Tras el anuncio del jueves, Trump no podía ocultar su entusiasmo. Apareció por sorpresa en la sala donde se celebran las ruedas de prensa de la Casa Blanca y dio detalles a los periodistas sobre el comunicado de Chung. Dijo a un periodista que esperaba que se le reconociera el mérito por haber logrado este avance diplomático.
No parecía ser consciente del hecho de que Pyongyang ha estado interesado en celebrar un cara a cara con el presidente de Estados Unidos desde, como mínimo, la década de los noventa. Con este acuerdo, Kim puede presumir de un logro que no obtuvieron ni su padre ni su abuelo; ser tratado de igual a igual por el hombre más poderoso del mundo y bajo la mirada de la comunidad internacional.
“Para ser sinceros, necesitamos hablar con Corea del Norte”, indica Jeffrey Lewis, director del Programa de No Proliferación para Asia Oriental del Instituto Middlebury de estudios internacionales de Monterrey. “Sin embargo, lo cierto es que Kim no está invitando a Trump para entregarle las armas de Corea del Norte. Kim está invitando a Trump para demostrar que su inversión en armas y misiles nucleares ha forzado a Estados Unidos a tratarlo como un igual”.
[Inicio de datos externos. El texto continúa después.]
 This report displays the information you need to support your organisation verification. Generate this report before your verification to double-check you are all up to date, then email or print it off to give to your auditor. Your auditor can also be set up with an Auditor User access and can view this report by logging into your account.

Este giro diplomático inesperado, que les ha alejado de los insultos y los ruidos de sables, no es mérito ni de Kim ni de Trump. Sería más razonable atribuirlo al presidente surcoreano, Moon Jae-in, que desde su investidura se ha encontrado en medio de un fuego cruzado pero ha logrado sacar provecho de esta situación y de los Juegos Olímpicos de invierno para abrir un camino de diálogo.
Esta iniciativa también se ha producido en el momento correcto. La victoria en Corea del Sur del candidato presidencial partidario del diálogo coincidió con la declaración que hizo Kim a principios de año de que su régimen había logrado su objetivo de construir un arsenal de misiles nucleares. El régimen de Pyongyang considera que entabla un diálogo desde una posición de fuerza como potencia nuclear.
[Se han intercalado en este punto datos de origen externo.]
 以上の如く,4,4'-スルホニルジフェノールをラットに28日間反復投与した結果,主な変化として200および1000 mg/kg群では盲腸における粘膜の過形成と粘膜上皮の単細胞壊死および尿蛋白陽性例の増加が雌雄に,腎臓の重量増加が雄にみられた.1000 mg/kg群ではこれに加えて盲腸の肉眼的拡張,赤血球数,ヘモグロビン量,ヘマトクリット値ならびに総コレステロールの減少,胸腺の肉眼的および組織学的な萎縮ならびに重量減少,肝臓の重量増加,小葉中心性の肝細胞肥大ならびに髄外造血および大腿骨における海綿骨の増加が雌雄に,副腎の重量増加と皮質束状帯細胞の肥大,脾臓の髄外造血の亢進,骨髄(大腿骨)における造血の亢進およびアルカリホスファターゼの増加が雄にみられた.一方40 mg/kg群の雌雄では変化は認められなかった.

La versión de la Casa Blanca es completamente distinta. Presenta a Corea del Norte como un régimen que se ve obligado a negociar con Trump debido a la determinación de este último y a las sanciones internacionales sin precedentes que ha soportado desde setiembre.
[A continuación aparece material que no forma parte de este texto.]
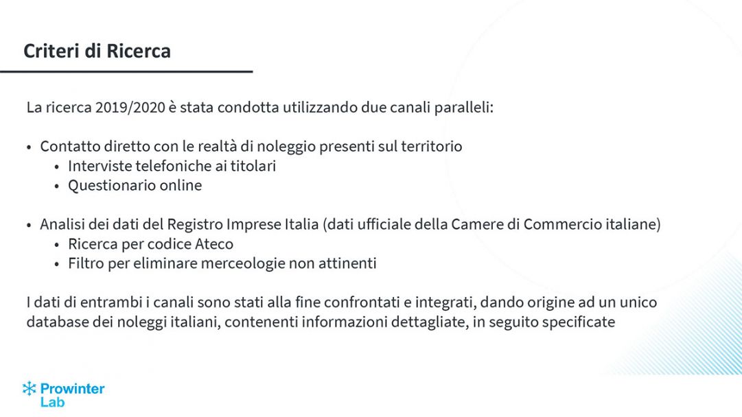 «Lo studio ha seguito due metodologie parallele – afferma Alfredo Tradati – Al contatto diretto con i noleggiatori abbiamo affiancato l’analisi dei dati ufficiali delle Camere di Commercio italiane, incrociandola con la ricerca per codice Ateco». I dati di entrambi i canali sono stati alla fine confrontati e integrati, dando origine ad un unico dettagliato
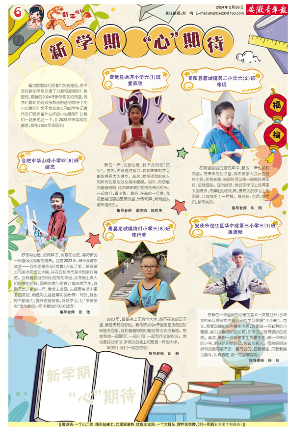《安徽青年报·学生周刊》励志启智,开阔视野,净化心灵,陶冶情操,参与互动,集新闻性、知识性、趣味性、互动性为一体,是小学生成长的良师益友、参与互动的平台、沟通老师家长的纽带。
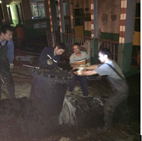 截止到7月1日晚,由于漳河水庫上游的南漳縣南部普降暴雨,水位暴漲,持續(xù)了近一個月的116.80米漳河水位,已達117.5米。取水臺車安全高度已達到警戒線。二水廠連夜組織職工下水往上拉取水臺車,確保供水設(shè)施安全運行,保障城市正常供水。
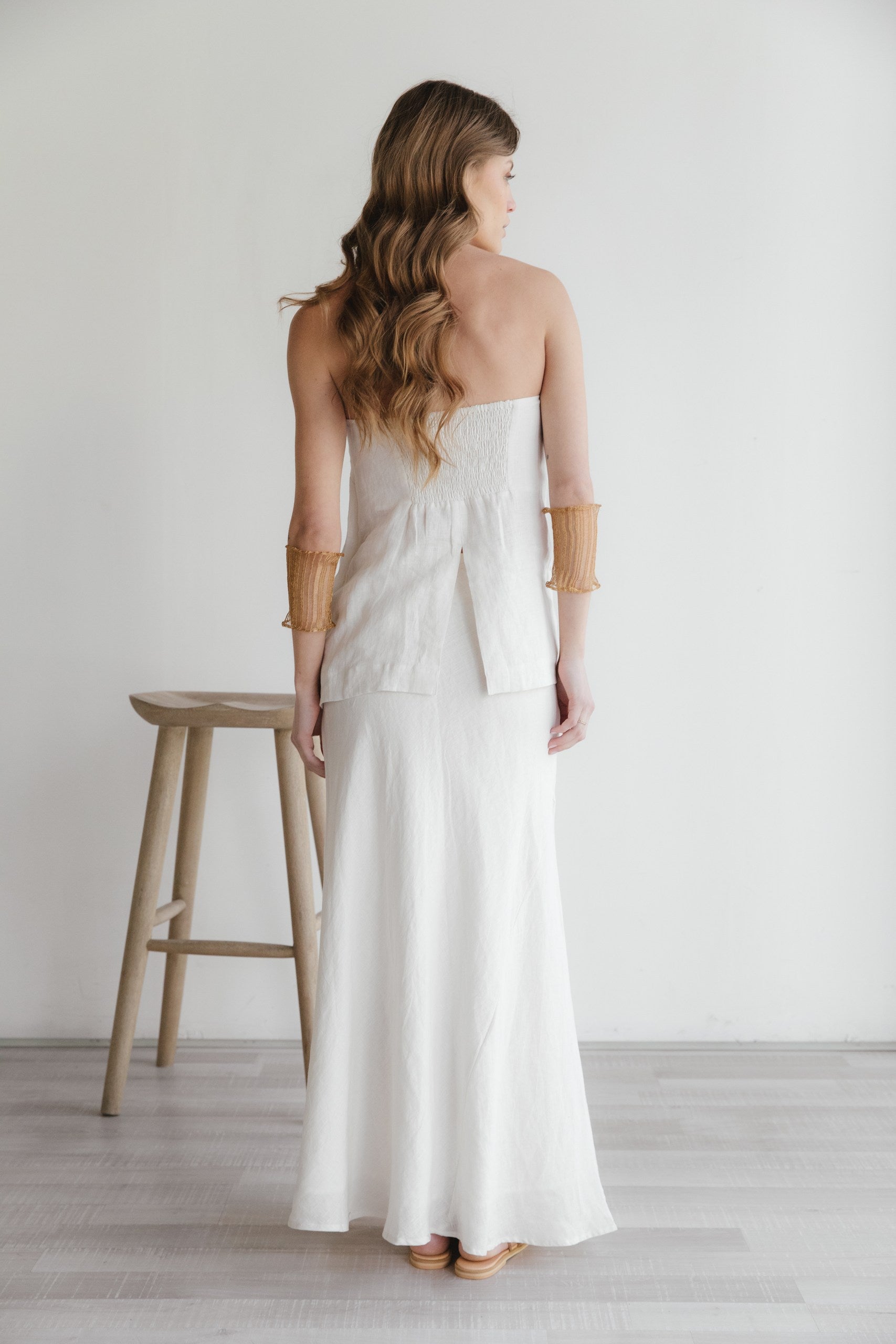 Su caída, amplitud y elegancia son inolvidables. Nuestra Falda Cádiz está inspirada en los trajes y bailes apasionantes del sur de España. Está confeccionada en 100% lino con forro de algodón y se ajusta a la cintura con un cierre lateral. Ideal para combinar en conjunto con todos nuestros tops de lino.
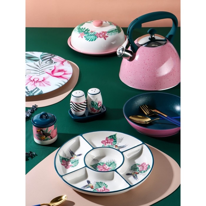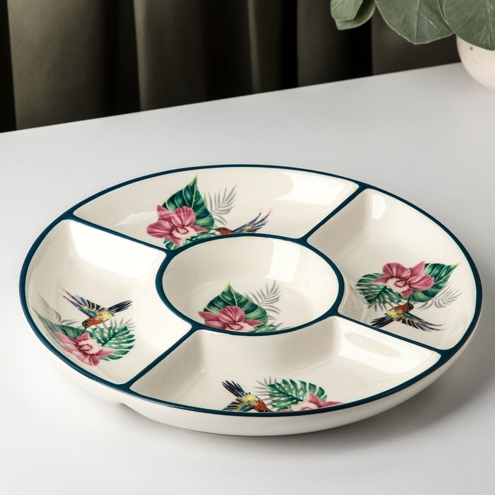 Менажница 5 ячеек Доляна «Тропики», d=26 см, цвет белый
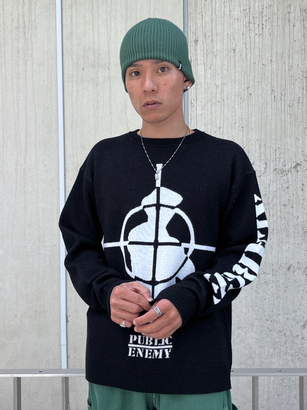 香村大貴(XLARGE原宿)のニット/セーター「XLARGE|PUBLIC ENEMY CREWNECK KNIT」を使ったコーディネート

Sin embargo, si Trump espera que Kim estará dispuesto a entregar su arsenal nuclear a cambio de una reducción de sanciones podría estar muy equivocado. Muy pocos analistas prevén que el líder norcoreano ceda lo que percibe como una garantía de supervivencia del régimen a cambio de tan poco.
Una gran oferta
Históricamente, las cumbres más importantes han estado precedidas de meses o años de negociaciones a más bajo nivel, cuidadosamente planificadas. Para que esta nueva iniciativa diplomática tenga éxito, el orden tendrá que invertirse.
La pregunta es si Kim y Trump se conformarían con algo menos que una gran oferta.
“Si [la cumbre] fomenta un proceso para entablar negociaciones serias y continuadas, entonces es una medida positiva”, indica Suzanne DiMaggio, investigadora principal del think tank New America y que ha participado en contactos informales con los norcoreanos. “Pero se tendrá que gestionar con prudencia y eso requiere mucho trabajo previo”, añade.
Hay serias dudas de que el equipo de Trump esté preparado para entablar un diálogo tan complejo. Los principales expertos en Corea de la Casa Blanca se han marchado y el Departamento de Estado ha sido excluido de esta negociación. Rex Tillerson, secretario de Estado, ha viajado a África esta semana y no parecía estar al corriente del avance conseguido. El jueves explicaba a los periodistas que el diálogo todavía se veía muy lejano.
Trump, de momento, vuela solo, convencido de su experiencia en el arte de la negociación. Sin embargo, sus habilidades negociadoras en el mercado inmobiliario le han llevado a la quiebra en más de una ocasión. Las implicaciones que tendría un fracaso similar en una cumbre nuclear pueden ser muy serias.